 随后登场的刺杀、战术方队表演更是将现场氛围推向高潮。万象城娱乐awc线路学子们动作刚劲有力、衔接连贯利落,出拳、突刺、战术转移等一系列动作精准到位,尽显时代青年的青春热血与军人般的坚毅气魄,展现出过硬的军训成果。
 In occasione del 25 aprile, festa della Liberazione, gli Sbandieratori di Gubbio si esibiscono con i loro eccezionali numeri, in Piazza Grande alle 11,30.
==
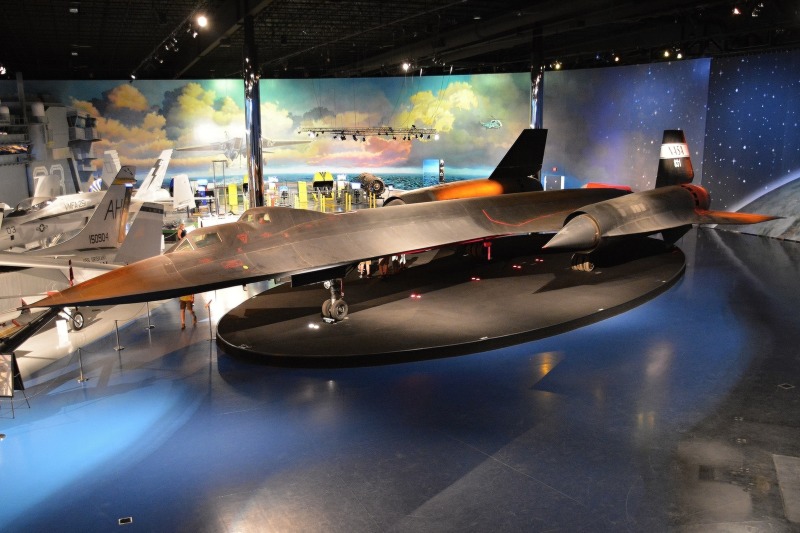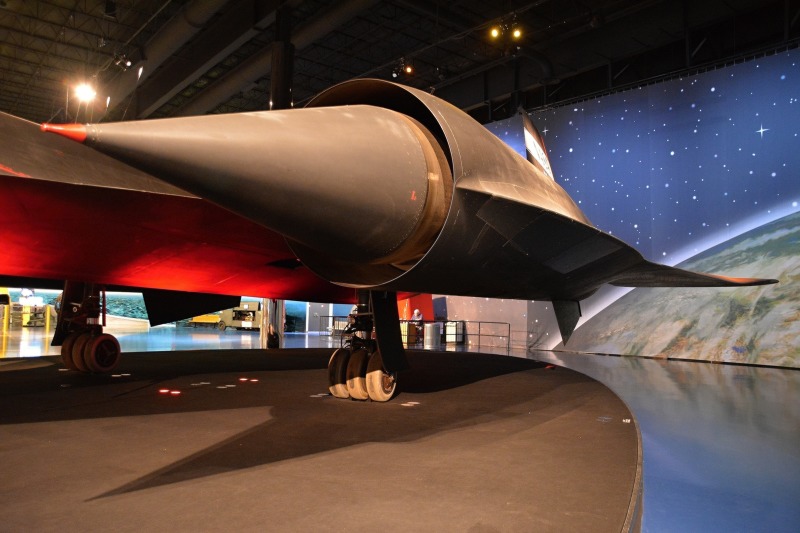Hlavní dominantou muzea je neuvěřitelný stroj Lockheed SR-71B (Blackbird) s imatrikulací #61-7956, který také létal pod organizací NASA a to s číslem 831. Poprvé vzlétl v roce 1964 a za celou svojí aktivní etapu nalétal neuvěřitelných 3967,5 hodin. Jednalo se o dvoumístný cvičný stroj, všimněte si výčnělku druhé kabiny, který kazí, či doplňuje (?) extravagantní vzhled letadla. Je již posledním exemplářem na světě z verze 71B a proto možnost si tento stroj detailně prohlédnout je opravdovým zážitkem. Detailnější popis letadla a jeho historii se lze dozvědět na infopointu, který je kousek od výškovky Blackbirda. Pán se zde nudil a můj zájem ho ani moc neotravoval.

▶ [TASK STATEMENT]: Among the lines above, find the one with "随后登场的刺杀、战术方队表演" and the one with "In occasione del". Quote both and everything between them, exactly.

▶ [RESPONSE AREA]:
 随后登场的刺杀、战术方队表演更是将现场氛围推向高潮。万象城娱乐awc线路学子们动作刚劲有力、衔接连贯利落,出拳、突刺、战术转移等一系列动作精准到位,尽显时代青年的青春热血与军人般的坚毅气魄,展现出过硬的军训成果。
 In occasione del 25 aprile, festa della Liberazione, gli Sbandieratori di Gubbio si esibiscono con i loro eccezionali numeri, in Piazza Grande alle 11,30.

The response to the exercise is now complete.